Before actual silicon becomes available, we can use surrogate (nontargeted defect) simulation as an alternative metric for comparing test set effectiveness. Bridges are appropriate surrogates because they model shorts in CMOS logic more precisely than do stuck-at faults. This makes bridges attractive, because shorts are a common defect. Measuring the ability of a test set to detect bridging surrogates is therefore helpful in determining that test set's quality. Bridging-surrogate coverage is an especially useful metric when comparing two test sets with similar stuck-at fault coverage. This is the case when comparing a DO-RE-ME test set 6 (currently our best approach) with a traditional commercial ATPG test set. The DO-RE-ME method is named for its primary components: deterministic observation, random excitation, and MPG-D estimation of defective part level.
(The MPG-D model is named for its creators: M. Ray Mercer, Jaehong Park, Michael R. Grimaila, and Jennifer Dworak.)
We applied a traditional test-pattern set (consistent with current best commercial practice) and our enhanced test-pattern set to an IC with 75,000 logic gates. The results of the experiment support our conjecture that increasing each site's observability significantly reduces the overall defective part level for the device.

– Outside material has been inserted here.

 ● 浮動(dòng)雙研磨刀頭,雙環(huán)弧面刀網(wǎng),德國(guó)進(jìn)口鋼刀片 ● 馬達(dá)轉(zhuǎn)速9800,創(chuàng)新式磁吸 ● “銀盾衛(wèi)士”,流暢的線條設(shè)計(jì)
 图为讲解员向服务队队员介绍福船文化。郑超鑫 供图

Excitation and observation
Because of the mismatch between the faults used for test generation and the defects that ultimately occur in ICs, some metric other than fault coverage is needed for predicting the defective part level and evaluating the effectiveness of test sets. Ideally, this metric's usefulness wouldn't depend on defects of any particular type but would apply equally to all defect types. One such metric is the number of times circuit sites are observed.

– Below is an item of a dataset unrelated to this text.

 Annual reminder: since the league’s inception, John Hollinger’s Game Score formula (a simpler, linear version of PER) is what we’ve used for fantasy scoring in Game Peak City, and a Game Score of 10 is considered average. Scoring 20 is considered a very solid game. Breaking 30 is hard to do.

No matter what type of defect occurs, the defect site that is excited to produce an incorrect value must be observed at an output for the defect to be detected. If we know that some type of defect occurs at a given site, we can observe that site deterministically. In contrast, a defect's excitation requirements depend intrinsically on the nature of the defect in question, and thus the excitation of nontargeted defects is inherently probabilistic. To understand the excitation and observation requirements of different types of defects, consider the requirements for generating tests to detect stuck-at faults and bridging surrogates.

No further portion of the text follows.